Army of Northern Virginia,
March 6th, 1864.
The excitement which permeated the entire army from Monday until Friday has subsided, and quiet again reigns supreme on the Rapidan. In addition to the injuries previously mentioned as having been committed by the raiders, I learn that they destroyed, in their retreat from Charlottesville, the Page Flouring Mill, in the county of Green, and the flouring mill of Gen. R. A. Banks, in the county of Madison. In the latter mill there was, I am told, a large amount of wheat and flour, which was of course destroyed.--Many of the negroes who were carried off by the enemy contrived to effect their escape, and have returned to their masters within our lines.

The heavy firing heard here on Thursday a said to have been target firing by the enemy in Culpeper county. A small force of the enemy's infantry crossed at Germania Ford on Friday night, but recrossed to Culpeper on Saturday without engaging any of our forces. Germania is a lower ford, and merely picketed by our cavalry videttes.
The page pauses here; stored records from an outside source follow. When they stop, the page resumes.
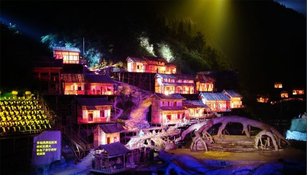 該劇由中國(guó)實景演出創始人梅帥元執導,享譽世界的華人音樂家譚盾擔任音樂總監,舞台搭建于天門山下峽谷中,以落差一千多米的張家界天門山爲背景,以山澗峽谷爲表演舞台,1.2億巨資打造,500演員同台傾情演繹。
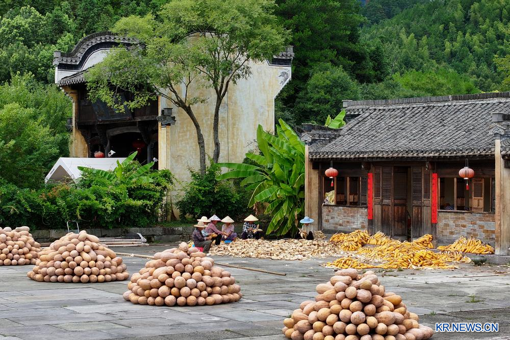 [신화망 베이징 8월8일] 7일 안후이(安徽)성 황산(黃山)시 후이저우(徽州)구 청칸(呈坎)촌 주민이 농작물을 햇볕에 말리는 장면을 드론 사진에 담았다.
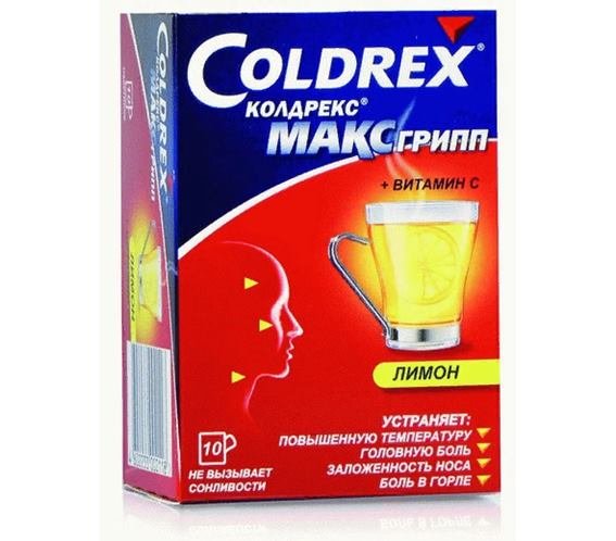 Puder s ugodnim mirisom limuna pomaže izbjeći pogoršanje hladnoće i ustati na noge za nekoliko dana, a to je zbog kombinacije komponenti različitog spektra: paracetamola (1000 mg), vitamina C (40 mg), fenilefrina (10 mg). Zahvaljujući djelovanju tih tvari postiže se istodobno ublažavanje simptoma: upala grla, nazalna kongestija i, prije svega, normalizira se tjelesna temperatura. Dakle, nema potrebe uzimati nekoliko različitih lijekova i postoji mogućnost da se uštedi novac. Proizvođač je koristio paracetamol u najvišoj pojedinačnoj dozi za odraslu osobu, pa je upotreba Coldrex MaksGrippa neprihvatljiva za osobe mlađe od 18 godina. Za početak temperature pada, morate čekati 30-40 minuta. Prodaje se u pakiranjima od 5 i 10 vrećica volumena od po 6,4 g.
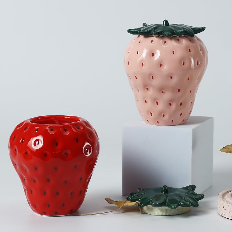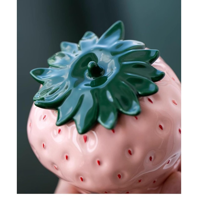 123Arts Container Strawberry Candy Dish Ceramic Food Storage with Seal Lid
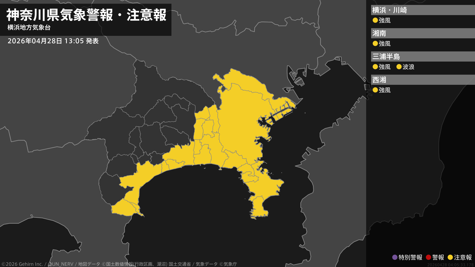 【神奈川県 気象警報・注意報 2026年04月28日 13:05】
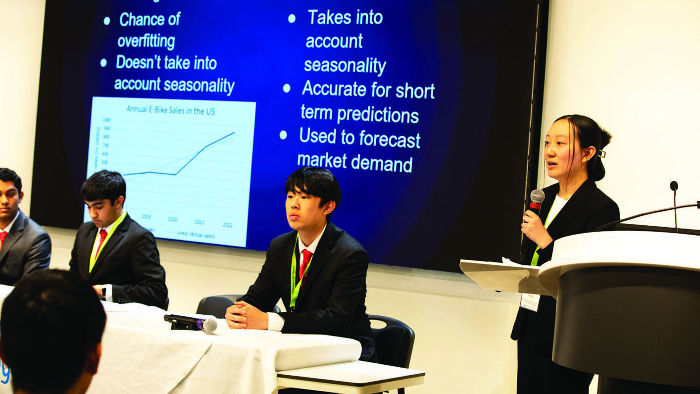 Members of the first-place team from Thomas Jefferson High School for Science and Technology in Alexandria, Va., were excited by this year’s problem topic. “I’ve used e-bikes before, but I didn’t think much of them until I saw their utility through this competition,” Rishabh Chhabra said. “When I was younger, one of my neighborhood friends had an electric bike and I got to try it a few times. What I didn’t realize, though, is how useful e-bikes can be for long-distance travel or commutes to work.” In addition to Chhabra, the Thomas Jefferson team consisted of Om Gole, Rishabh Prabhu, Jerry Sheng, and Laura Zhang.

To show you the spirit of the troops of this army, I have been requested to have published the following, which has been sent me from headquarters:

Camp 15th Va Cavalry.
Near Orange Court House.
1st February, 1864
The undersigned, members of Co. B, 15th Va cavalry, looking with profound contempt upon the craven hearted croakers in or out of service, who would skulk from duty or hesitate to fly to the rescue of their country in the hour of need and remain to defend her soil and honor, without limit of time or proviso of circumstances, do hereby offer themselves to the authorities of the Confederate States without reserve as to time, arm of service, or other restrictions during this war; while we might prefer cavalry service, and under officers of our own selection, we consider our duty first to our country — waive all personal considerations and bind ourselves to fight mounted or on foot, in cavalry, artillery, infantry, or anywhere — on land or water — on full or half rations, or such as the country can furnish — well clad or not — so long as we can wield a weapon of any sort, and one of the vile horde can be found to raise a hand against our flag or dispute our right to freedom and separate nationality.

Urged by no less sacred considerations than the "Sires of '76" we also "pledge our lives, our fortunes, and our sacred honor" for compliance with above obligation or enlistment.

For the information of all Yankeedom I will mention that the raids have not interfered with the commissariat of the army, as we had enough rations on hand.

I regret to inform your readers that Lieut.-Gen. A. P. Hill is quite sick, and incapacitated for command. His corps is now commanded by Major-General Anderson.

Yesterday was the first day since Monday that any Richmond papers were received, and, as may be supposed, they created a sensation, especially Dahlgren's plans and purposes.